Want to learn about time series databases and the tools you can use to handle them? This article shares what time series data is and how MongoDB 5.0 is the tool you need to handle TSDBs. MongoDB 5.0 is the key to time series data analytics in order to prevent all types of issues for all industries.

Posted on April 18, 2022 by Rajesh Rajagopalan

MongoDB has been the de-facto document database that has been used by many across domains and use-cases. Apart from key capabilities such as high availability, security, ACID compliance, the JSON like document data model that maps directly to how you represent data in code leads to high developer productivity and flexible + evolutionary data models. This resulted in MongoDB becoming a go to platform for developers in most domains and use-cases including eCommerce, telecom, financial services, healthcare.

When it comes to Time Series data, the requirements are very different. MongoDB 5.0 added native Time Series capabilities, enabling developers to use the same tools and frameworks they are familiar with.

In this blog, I look at typical characteristics of time series data, what are the requirements from a database system that can handle time series data as well as a summary of my experiments with various capabilities that MongoDB provides to meet these requirements.

TLDR

  • There is an explosion of time series data being generated across domains ranging from Healthcare, eCommerce, FinTech, IoT among others.
  • TSDBs are optimized for high high rate of data ingestion, higher compression% and low latency retrieval of data for time series data analysis.
  • MongoDB introduced native time series collections with the 5.0 release.
  • Before 5.0, developers had to managed time series data using fixed or time series bucket pattern. MongoDB time series collections automates much of data organization into buckets and while maintaining faster retrieval times.
  • Based on my experiments, you can see in the sections below, how MongoDB native time series collections provides capabilities required to handle time series data.
    • Data storage footprint that is several times smaller compared to normal collections – for time series data
    • Clustered indexes optimize index storage and performance
    • Specialized time series analytical query functions such as $setWindowFields that perform several times faster
    • Capability such as $densify and $fill to handle missing data with ease
    • Automatic purge of older data. Archival of data using Atlas online archive and
    • internals of how MongoDB handles storage and retrieval of time series data

MongoDB is continuing to rapidly release new features to improve on the above capability. It will be interesting to see what MongoDB 6.0 has to offer later this year.

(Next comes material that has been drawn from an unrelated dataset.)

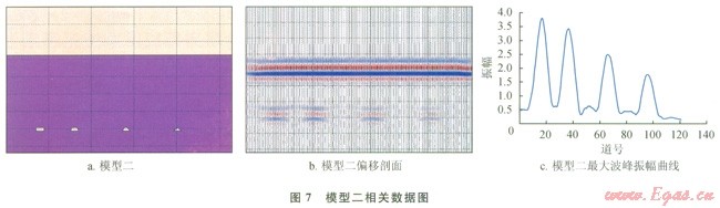 圖2-b是橢圓形溶洞偏移剖面,圖2-c為橢圓形溶洞最大波峰振幅曲線圖;圖3-b、圖3-c分別是菱形溶洞偏移剖面及最大波峰振幅曲線圖??梢钥吹?,無論是橢圓形模型還是菱形模型,隨著溶洞橫向尺度的增加最大波峰振幅是增加的,這和長方形溶洞正演模擬結(jié)果很相似。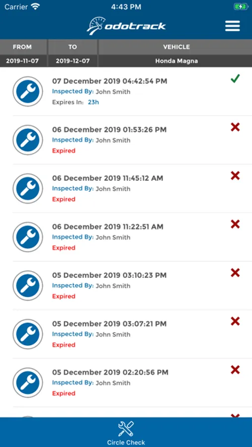 The ODOfleet application allows Odotrack’s customers to better manage their vehicle fleet. Thus, ODOfleet makes it possible to produce a Circle security check for each of its vehicles, by the driver directly or by another person designated by the operator.

Characteristics of Time Series data

In mathematics, a time series is a series of data points indexed (or listed or graphed) in time order.

  1. Univariate or Multivariate time series data: Univariate time series have a single data point changing over time — for example stock price for a ticker. Multivariate time series have multiple data points changing over time — for example CPU, Memory, IOPS usage reported by a server over time.
  2. Polymorphic: Each reported data point can be different from previously reported data point. For example CPU% may be reported every second. However the disk utilization% may be reported only hourly by the same reporting sensor or agent.
  3. Velocity: High velocity of new data available every other millisecond or nanosecond from the sensor based on the granularity required for the use-case.
  4. Volume: Higher granularity combined with millions and billions of reporting entities result in billions and trillions of data points every hour that needs to be stored and processed.
  5. Out of order data: Time series data is not always ingested in order. Many IoT sensors in the field report back when they come online or have network connectivity. This invariably leads to out of order data.
  6. Irregular: Reporting and logging data is usually secondary priority compared to a mission critical function that any device performs. Data is reported on a best case basis. Having large gaps in data is not unusual.
  7. Immutable and append-only in most cases: Time ordered data is received at regular intervals and you generally want to record the data as a new entry irrespective of the change for future analysis.
  8. Columnar in nature: Limited variance one data point to another. For example, only the temperature data reported may change second to second. Rest of the sensor metadata remains fairly constant.

Time series data are used in numerous use-cases ranging from predicting weather, heights of tides, stock prices to financial fraud. It is used in any domain of applied science and engineering which involves temporal measurements. You generally look for

  • Trend
  • Seasonality
  • Outliers

How are (Time Series Database) TSDBs different from traditional relational or NoSQL databases?

Time series databases (TSDBs) are optimized for storing and retrieving large volumes time series data. Metrics data about a server, IoT sensor data, eCommerce data, log data and other could run into billions and trillions of data points over a period of time. TSDBs should be optimized for the following.

  • Queries: Typical queries are analytical in nature. Time Series Analytics such as year-over-year comparison, moving average over period of time and so on.
  • Specialized indexes: Unlike normal datasets, time series data requires specialized indexes to speed up access to specific date ranges. Especially for typically analyzed time ranges such as last hour, last day, etc.
  • Compression: Utilize compression algorithms to effectively manage storage of high volume of data while maintaining performance.
  • Archive older data easily: Most analysis requires recent data. For others that require long term data access can tolerate slower response times. TSDBs should allow users to easily purge or archive older data points.
  • Interpolation: As time series data can be irregular in most cases, TSDBs should provide interpolators that can fill missing data points.
  • Window functions: Query capability to process out of order data, late arriving data.
  • Time based query functions: Specialized query functions for various temporal operations such as moving averages, YOY comparisons among others.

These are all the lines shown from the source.